Lebanese and UN Troops Rescue Migrants Vessel, 2 Killed

Lebanese and UN Troops Rescue Migrants Vessel, 2 Killed
Lebanese army on their dinghy, rescue migrants from a boat sinking in the Mediterranean Sea, near the shores of Tripoli, north Lebanon, on Dec. 31, 2022. Lebanese Army Website via AP
Reuters
Updated:

BEIRUT—Lebanon’s navy and U.N. peacekeepers on Saturday rescued more than 200 migrants from a boat sinking in the Mediterranean Sea hours after it left northern Lebanon’s coast, the military said in a statement. Two migrants were killed in the incident.

The army statement said the vessel was carrying people “who were trying to illegally leave Lebanon’s territorial waters.” It said three Lebanese navy boats and one from the U.N. peacekeeping force in Lebanon, known as UNIFIL, recused 232 migrants.
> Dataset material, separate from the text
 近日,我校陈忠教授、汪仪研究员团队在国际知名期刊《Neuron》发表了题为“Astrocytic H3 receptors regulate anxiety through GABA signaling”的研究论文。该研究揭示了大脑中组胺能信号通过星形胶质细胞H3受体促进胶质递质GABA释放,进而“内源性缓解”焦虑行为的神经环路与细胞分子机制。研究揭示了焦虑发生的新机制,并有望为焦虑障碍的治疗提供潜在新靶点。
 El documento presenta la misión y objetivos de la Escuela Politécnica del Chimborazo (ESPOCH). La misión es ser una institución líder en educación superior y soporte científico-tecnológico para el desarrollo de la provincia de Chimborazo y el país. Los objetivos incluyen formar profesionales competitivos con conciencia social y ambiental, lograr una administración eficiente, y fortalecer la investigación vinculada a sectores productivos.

Reports from the northern city of Tripoli—Lebanon’s second largest and most impoverished—said Lebanese, Syrian, and Palestinian men, women and children were on the boat that left northern Lebanon after midnight Friday. Residents of Tripoli who are in contact with survivors said the dead were a Syrian woman and a Syrian child.

UNIFIL said in a statement that the Maritime Task Force is assisting the Lebanese navy in search and rescue operations in the sea between Beirut and Tripoli “where a boat in distress with a large number of people on board was found. Our Indonesian and Greek ships are on the scene.”
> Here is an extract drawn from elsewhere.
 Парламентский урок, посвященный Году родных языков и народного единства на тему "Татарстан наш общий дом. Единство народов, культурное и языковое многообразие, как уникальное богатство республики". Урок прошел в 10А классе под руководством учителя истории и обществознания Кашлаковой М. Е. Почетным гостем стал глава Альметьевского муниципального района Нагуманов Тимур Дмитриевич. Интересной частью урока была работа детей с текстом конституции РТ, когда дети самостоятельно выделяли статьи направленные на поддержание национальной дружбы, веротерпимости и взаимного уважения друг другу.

“We will continue to provide assistance,” UNIFIL said.

Lebanese security forces have been working to prevent migrants from heading to Europe at a time when the small nation is in the grips of the worst economic and financial crisis in its modern history.

A crowded boat capsized on Sept. 21 off the coast of Tartus, Syria, just over a day after departing Lebanon. At least 94 people were killed, among them at least 24 children. Twenty people survived and some remain missing.
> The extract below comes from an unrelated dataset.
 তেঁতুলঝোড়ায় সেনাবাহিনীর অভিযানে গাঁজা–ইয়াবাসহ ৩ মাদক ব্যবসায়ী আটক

It was one of the deadliest ship sinkings in the eastern Mediterranean Sea in recent years, as more and more Lebanese, Syrians, and Palestinians try to flee cash-strapped Lebanon to Europe.

The U.N. High Commissioner for Refugees says risky sea migration attempts from Lebanon over the past year have surged by 73 percent.

Lebanon’s economic meltdown that began in October 2019, has left three- quarters of the country’s 6 million people, including a million Syrian refugees, living in poverty.